> THE TASK
Among the lines below, a stretch begins at the one with "Múa rồng trong" and ends at the one with "Ref. 118_L1045_80_GW - Mit". Repeat that stretch exactly, ends included.

> RECORDS TO USE

↓↓↓

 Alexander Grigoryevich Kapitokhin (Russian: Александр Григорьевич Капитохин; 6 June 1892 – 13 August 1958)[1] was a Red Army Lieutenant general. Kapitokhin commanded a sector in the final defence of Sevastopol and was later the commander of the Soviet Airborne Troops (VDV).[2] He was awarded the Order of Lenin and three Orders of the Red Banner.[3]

↑↑↑
↓↓↓

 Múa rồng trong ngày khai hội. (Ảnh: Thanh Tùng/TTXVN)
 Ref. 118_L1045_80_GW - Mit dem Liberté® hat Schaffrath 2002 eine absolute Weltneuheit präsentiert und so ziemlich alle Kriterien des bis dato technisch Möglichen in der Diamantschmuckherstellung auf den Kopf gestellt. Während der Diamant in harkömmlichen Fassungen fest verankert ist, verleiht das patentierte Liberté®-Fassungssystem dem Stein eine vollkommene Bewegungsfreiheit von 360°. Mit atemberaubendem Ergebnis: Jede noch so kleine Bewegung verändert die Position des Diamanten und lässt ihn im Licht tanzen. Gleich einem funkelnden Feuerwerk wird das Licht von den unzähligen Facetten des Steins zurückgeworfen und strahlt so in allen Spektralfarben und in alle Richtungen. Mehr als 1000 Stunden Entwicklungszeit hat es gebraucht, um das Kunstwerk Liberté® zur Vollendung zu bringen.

↑↑↑
↓↓↓

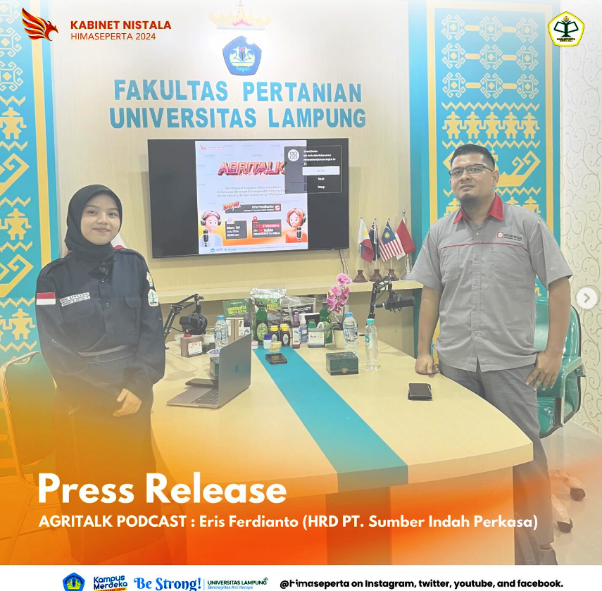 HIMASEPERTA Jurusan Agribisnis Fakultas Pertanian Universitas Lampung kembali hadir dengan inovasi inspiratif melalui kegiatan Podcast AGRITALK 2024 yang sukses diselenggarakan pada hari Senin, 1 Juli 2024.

↑↑↑

> RESPONSE
 Múa rồng trong ngày khai hội. (Ảnh: Thanh Tùng/TTXVN)
 Ref. 118_L1045_80_GW - Mit dem Liberté® hat Schaffrath 2002 eine absolute Weltneuheit präsentiert und so ziemlich alle Kriterien des bis dato technisch Möglichen in der Diamantschmuckherstellung auf den Kopf gestellt. Während der Diamant in harkömmlichen Fassungen fest verankert ist, verleiht das patentierte Liberté®-Fassungssystem dem Stein eine vollkommene Bewegungsfreiheit von 360°. Mit atemberaubendem Ergebnis: Jede noch so kleine Bewegung verändert die Position des Diamanten und lässt ihn im Licht tanzen. Gleich einem funkelnden Feuerwerk wird das Licht von den unzähligen Facetten des Steins zurückgeworfen und strahlt so in allen Spektralfarben und in alle Richtungen. Mehr als 1000 Stunden Entwicklungszeit hat es gebraucht, um das Kunstwerk Liberté® zur Vollendung zu bringen.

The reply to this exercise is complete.